Hi, so I have a 75 gallon FW aquarium. I've had a male GBR (German blue ram) in it for about a month. Today, I got another GBR that I'm pretty sure is a female. The original GBR, however is being very aggressive towards his new tank mate. I realize they can be/are territorial, however, the first GBR is chasing the new one over the entire tank as if he's claimed all 75 gallons! I thought they only "claimed" parts of the tank - not the whole thing!


Also, my Angelfish (2 of them) are now suddenly being aggressive towards my new GBR. They've never been aggressive before. There's been basically no issues until I added this new GBR. 

Should I return the new one? Is my old one just an aggressive fish, maybe? Does the aggression lessen later on? 

I've done a LOT of research on which fish are compatible with each other and how many gallons each fish needs, etc. so I hate that things aren't going according to plan ATM.


----------



## lohachata (Jan 27, 2006)

move some of the decor around and turn off the lights...turn them back on tomorrow..things should settle down ...
and you never know..the angels may be getting ready to spawn and want their territory...and the male may just want to mate with the new female...


----------



## Schultz38 (Apr 1, 2014)

Thank you Lohachata! Things seem to be getting better. I'll try what you recommended as well. 
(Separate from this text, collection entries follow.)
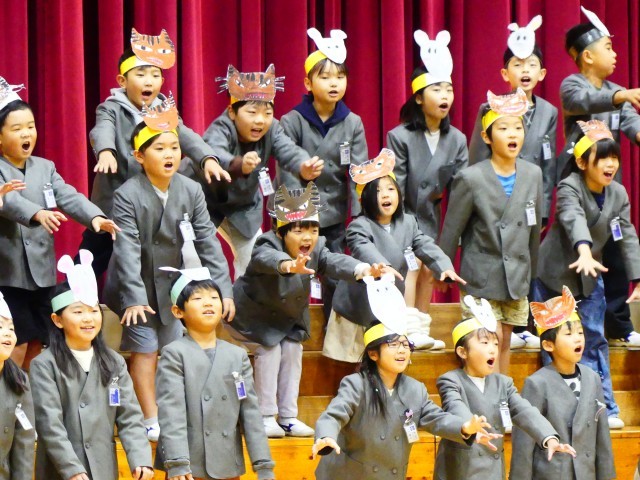 初めての学習発表会から1年が経ち、2年生になった子どもたちは、セリフや歌を覚えるだけでなく、登場人物の気持ちを考えながら練習を重ねました。仲間と協力して一つの物語を作り上げることで、表現する楽しさや力を合わせる大切さを学ぶことができたようです。素晴らしいチームワークで、見ている人たちを笑顔にする、楽しい発表会になりました!
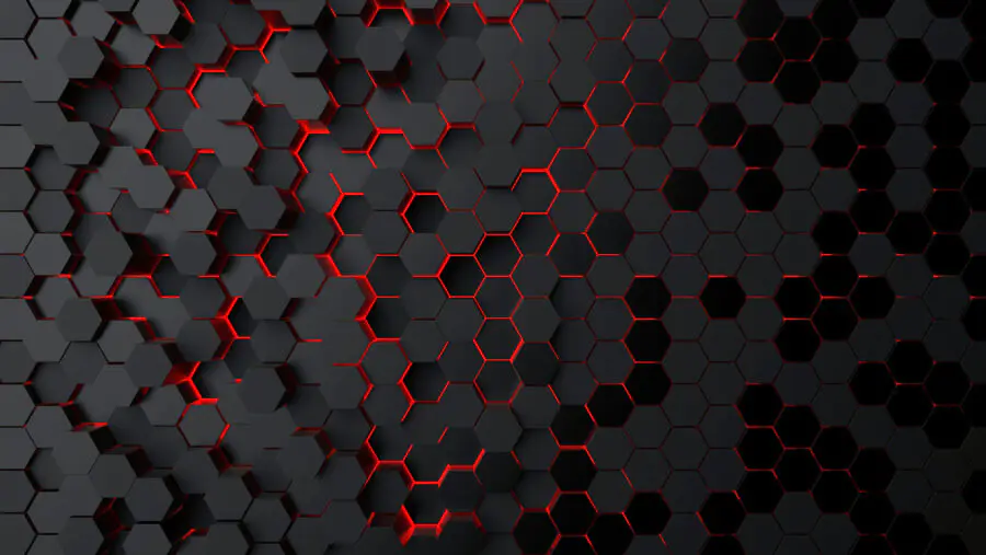 Papier peint Un hexagone noir avec une lumière rouge
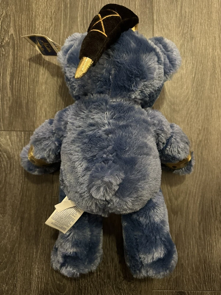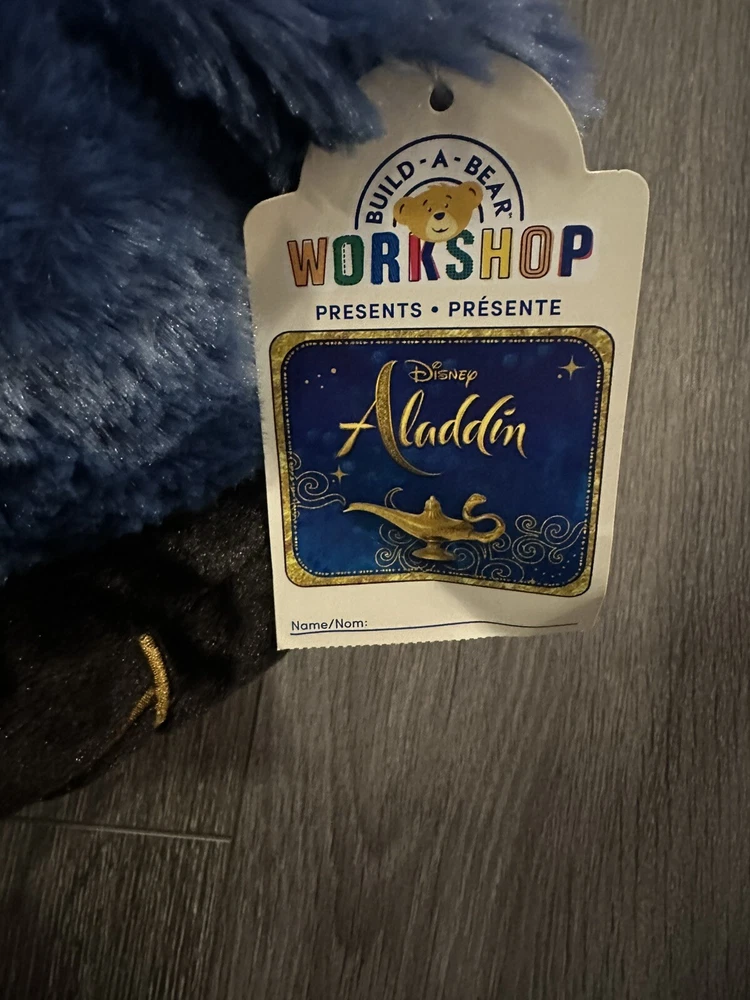 This 16-inch plush toy from Build-A-Bear Workshop features Genie from Disney's Aladdin in his iconic blue color. Made from soft and cuddly materials, this retired collectible bear is perfect for all occasions. The bear's black eyes and friendly expression make it a charming addition to any collection. Ideal for fans of the beloved franchise, this BABW bear is a must-have for any Disney collector. Its unique features and high-quality construction make it a valuable and treasured item. Celebrate your love for Aladdin and add this beautiful Genie plush toy to your collection today. 12-5-24
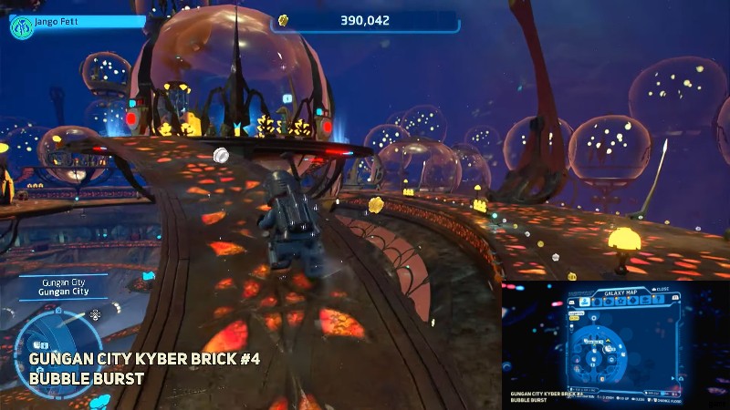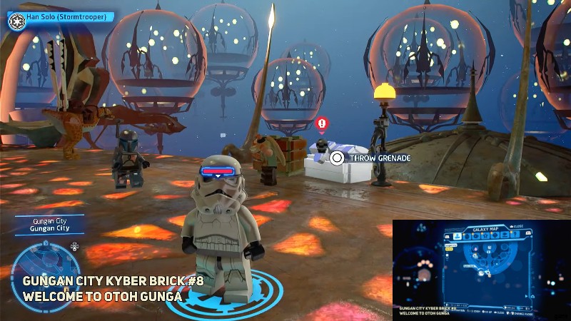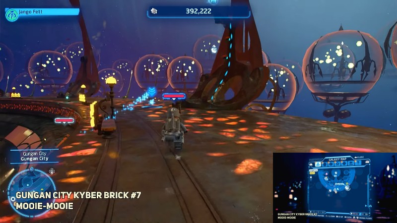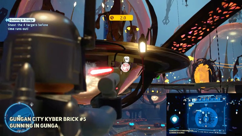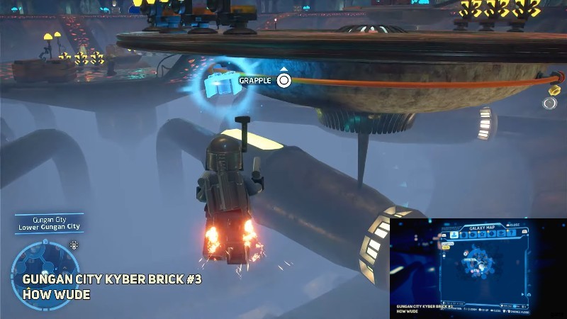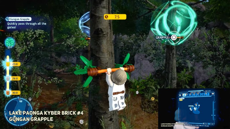 次の Kyber Brick では、Gungan グラップルと呼ばれるタイム チャレンジを完了する必要があります。ルーク・スカイウォーカーのようなグラップリング フックを使用できるキャラクターを使用し、23 秒以内に各ゲートにグラップルして Kiber ブロックを受け取ります。
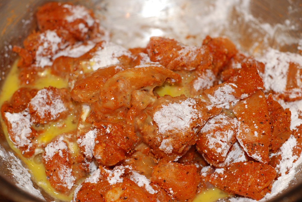2. Add half of one beaten egg, corn starch, all purpose flour and a pinch of salt to the marinated chicken. Mix well.
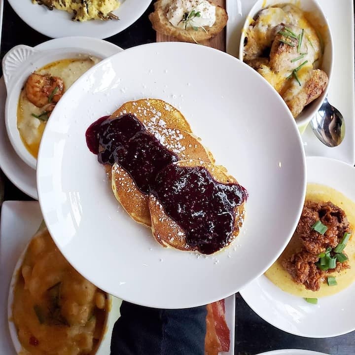 Míreanna teo (Roghnaigh Trí) Uibheacha Scrofa, Ricotta agus sibilíní le huibheacha scrofa, Bagún, Ispín, brúitíní prátaí baile, Gríoscán Cáise, Sicín agus Vaifil, brioscaí agus grámús, hais muiceola nó mairteola, uibheacha Benedict clasaiceacha.
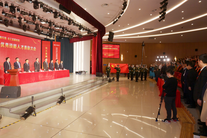 表彰大會在全體干部職工迎國旗、唱國歌中隆重開幕。
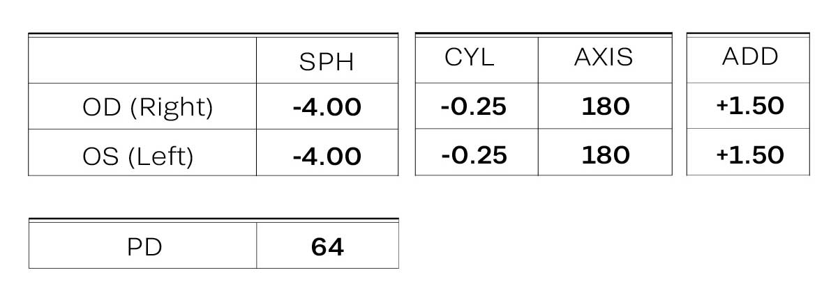 Your RX prescription for eyeglasses will normally look like this:
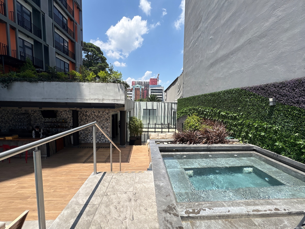 如果您是休閒或商務旅行,您會發現我的房源非常有用! 它非常靠近餐廳、酒吧、商場,就在市內商業區的中間, Zona 10。 此外,您可以在10分鐘內(距離2英裏)往返機場。在觀光或工作一天後,您可以在泳池中放鬆身心,泳池還有按摩浴缸。 沒有鑰匙遺失或退還!此房源使用August應用程式提供安全、無鑰匙入口,請下載:)
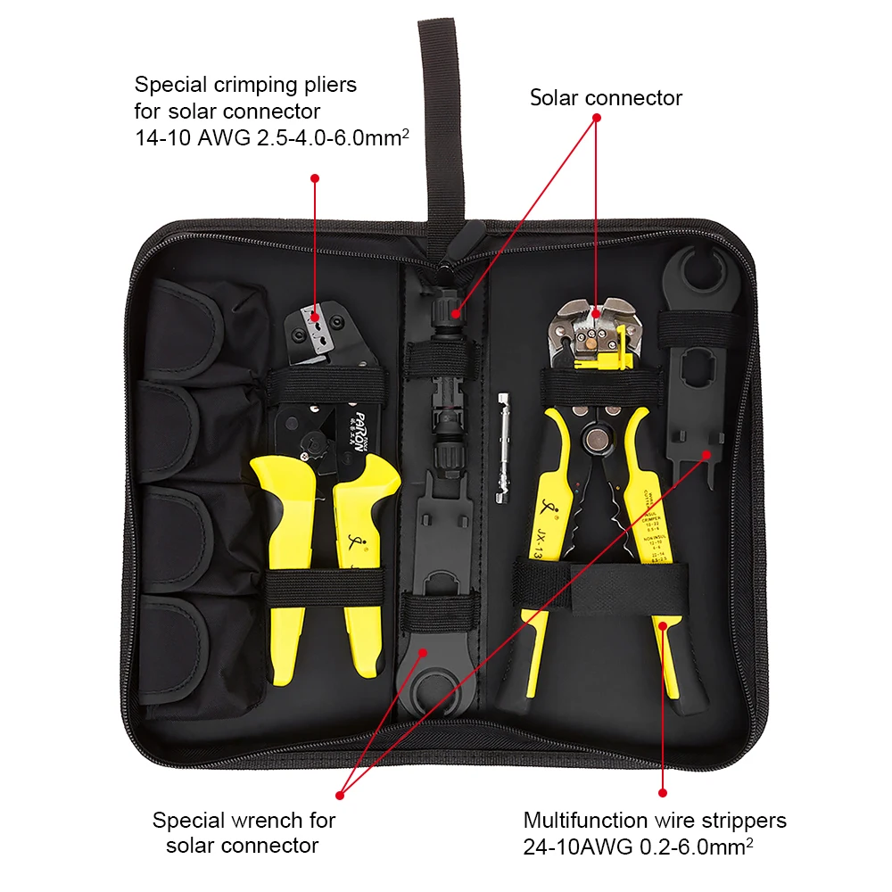 Щипцы для проводов с набором инструментов для зачистки проводов отличаются удобством, эффективностью и безвредностью для сердечников кабеля солнечной панели. Он прост в использовании, просто удерживайте ручку и управляйте ею один раз, чтобы успешно нажать плотно прилегающие провода и клеммные блоки. Профессиональный инструмент для проектов солнечной энергии.Щипцы для проводов с набором инструментов для зачистки проводов отличаются удобством, эффективностью и безвредностью для сердечников кабеля солнечной панели. Он прост в использовании, просто удерживайте ручку и управляйте ею один раз, чтобы успешно нажать плотно прилегающие провода и клеммные блоки. Профессиональный инструмент для проектов солнечной энергии.

I'm seriously wondering if my angelfish are a pair now. They're now chasing everything away from their "half". I guess I'll just have to wait and see if they spawn...


----------



## lohachata (Jan 27, 2006)

if they are together and chasing others away from their area , you have a pair..how old are they ? i have had angels spawn at 6-7 months of age.


----------



## Schultz38 (Apr 1, 2014)

lohachata said:


> if they are together and chasing others away from their area , you have a pair..how old are they ? i have had angels spawn at 6-7 months of age.
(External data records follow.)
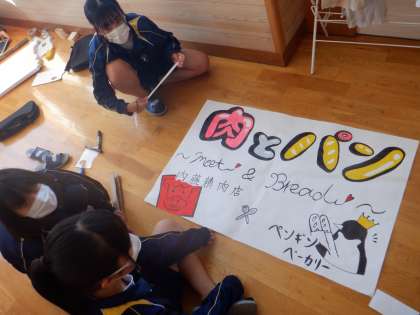 串カツバーガーを販売する2年生の教室では、お店に掲示するポスターを作成していました。お客さんの目に留まるようにしながらおいしさが伝わるようなポスターを、仲間と協力して作成しています。
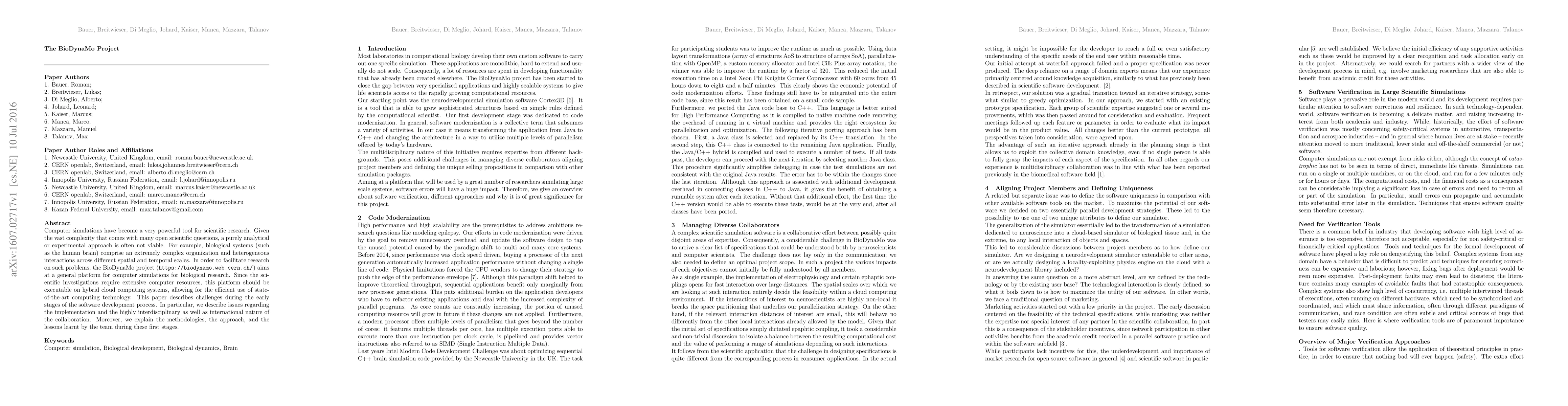 The BioDynaMo project presents a general platform for computer simulations in biological research, emphasizing code modernization, parallelization techniques, and an iterative approach to specification development.
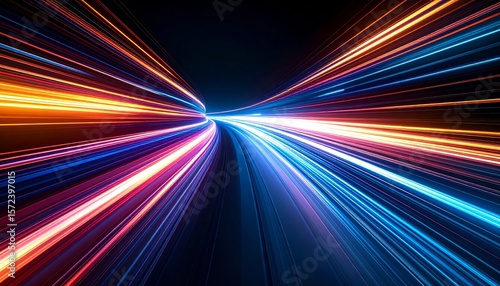 Abstract motion background of colorful speed blurred lines creating a dynamic night road or space pattern with glowing energy
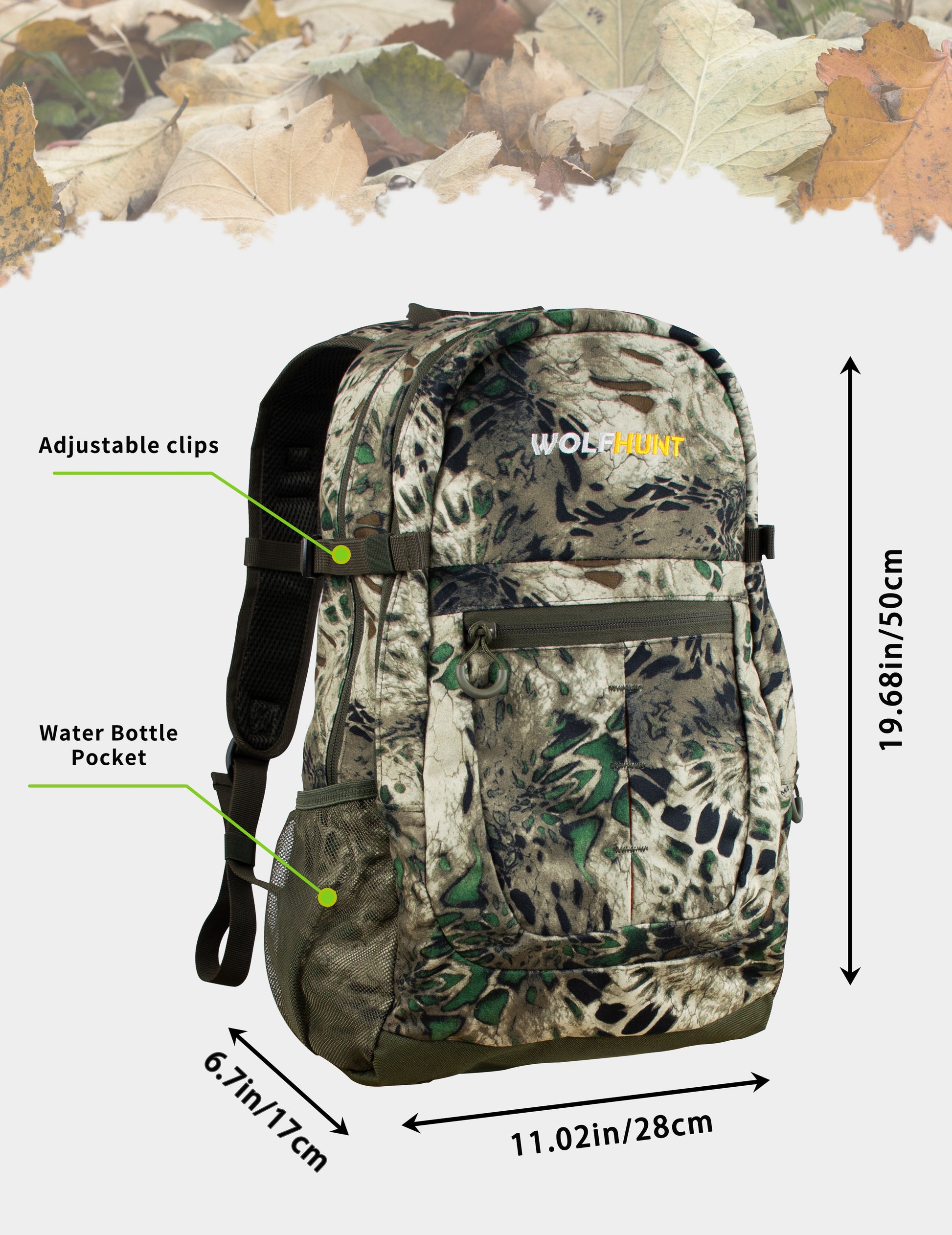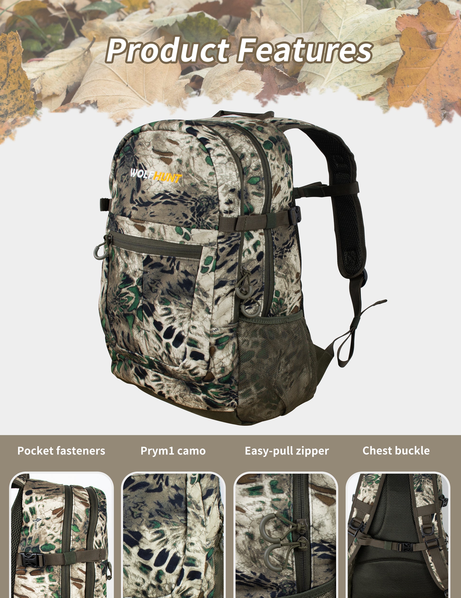 WOLFHUNT Camouflage Backpack for Men, Hunting Camo Pack Hiking Backpack Day Pack Multifunctional Outdoor Gear for Hiking, Fishing, Shooting, Prym1 MP

I'm not exactly sure on their age. I've had them for 2 months and they've grown a LOT. They started off a bit bigger than quarters, and now they're about half dollar size.


----------



## Schultz38 (Apr 1, 2014)

Aggression seems to be curbing a bit. Angels are still being territorial, but have lightened up a bit. 

My male (first) GBR is still chasing the female (new), but not around the whole tank. Now they'll come up to each other and check each other out. It seems more like a who's more dominant fight now, rather than chase.


----------



## lohachata (Jan 27, 2006)

keep in mind that cichlids will often act like they are fighting to see if they will be fit for each other...usually the male testing the female..they will lock jaws and go round and round...


----------



## Schultz38 (Apr 1, 2014)

lohachata said:


> keep in mind that cichlids will often act like they are fighting to see if they will be fit for each other...usually the male testing the female..they will lock jaws and go round and round...


Very cool. No locking of jaws yet but I'll keep a look out.


----------